== Segment start ==
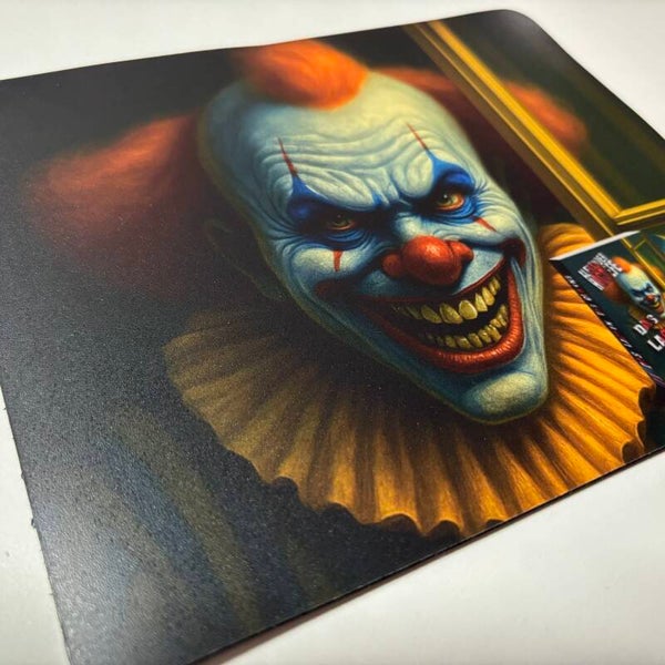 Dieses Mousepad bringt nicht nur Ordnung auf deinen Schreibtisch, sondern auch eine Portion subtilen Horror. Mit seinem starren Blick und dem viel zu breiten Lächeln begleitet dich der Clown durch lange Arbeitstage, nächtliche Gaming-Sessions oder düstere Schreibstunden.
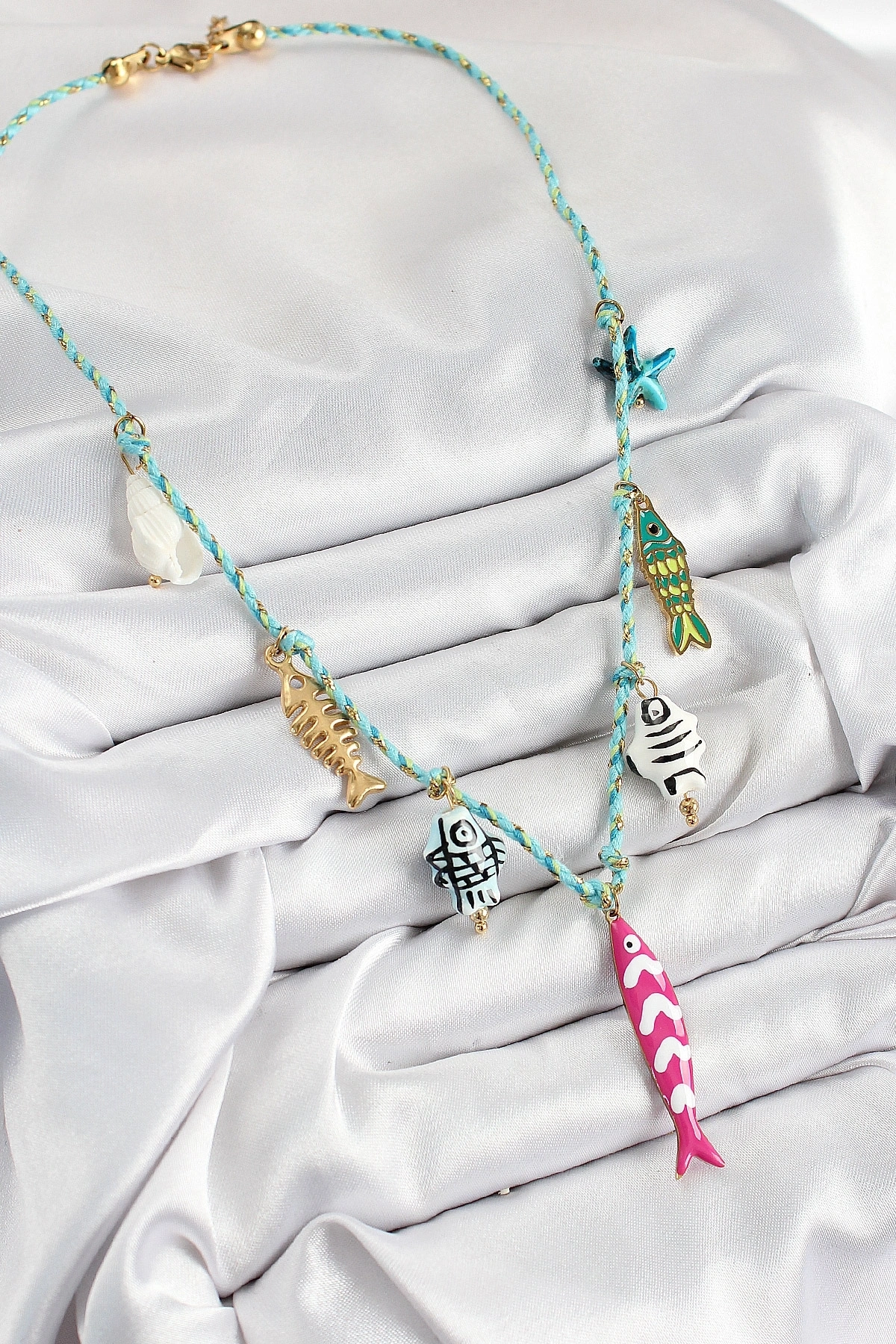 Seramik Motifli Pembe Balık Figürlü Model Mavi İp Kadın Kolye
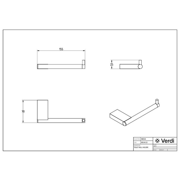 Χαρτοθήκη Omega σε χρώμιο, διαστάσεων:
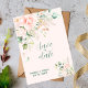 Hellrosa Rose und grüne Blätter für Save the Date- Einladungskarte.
== Segment end ==
== Segment start ==
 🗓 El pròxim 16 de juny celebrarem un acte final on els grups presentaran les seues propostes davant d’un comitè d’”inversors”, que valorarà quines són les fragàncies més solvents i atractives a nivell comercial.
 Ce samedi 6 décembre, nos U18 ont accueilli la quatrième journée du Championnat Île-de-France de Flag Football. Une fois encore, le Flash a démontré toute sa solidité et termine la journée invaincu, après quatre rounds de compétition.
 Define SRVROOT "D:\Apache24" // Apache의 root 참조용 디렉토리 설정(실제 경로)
== Segment end ==
▸ Problem requirements
All that belongs in the answer is the run of lines above from the line containing "a nivell comercial." through the line containing "디렉토리 설정(실제 경로)", exactly as written.

▸ Solution for this task
 🗓 El pròxim 16 de juny celebrarem un acte final on els grups presentaran les seues propostes davant d’un comitè d’”inversors”, que valorarà quines són les fragàncies més solvents i atractives a nivell comercial.
 Ce samedi 6 décembre, nos U18 ont accueilli la quatrième journée du Championnat Île-de-France de Flag Football. Une fois encore, le Flash a démontré toute sa solidité et termine la journée invaincu, après quatre rounds de compétition.
 Define SRVROOT "D:\Apache24" // Apache의 root 참조용 디렉토리 설정(실제 경로)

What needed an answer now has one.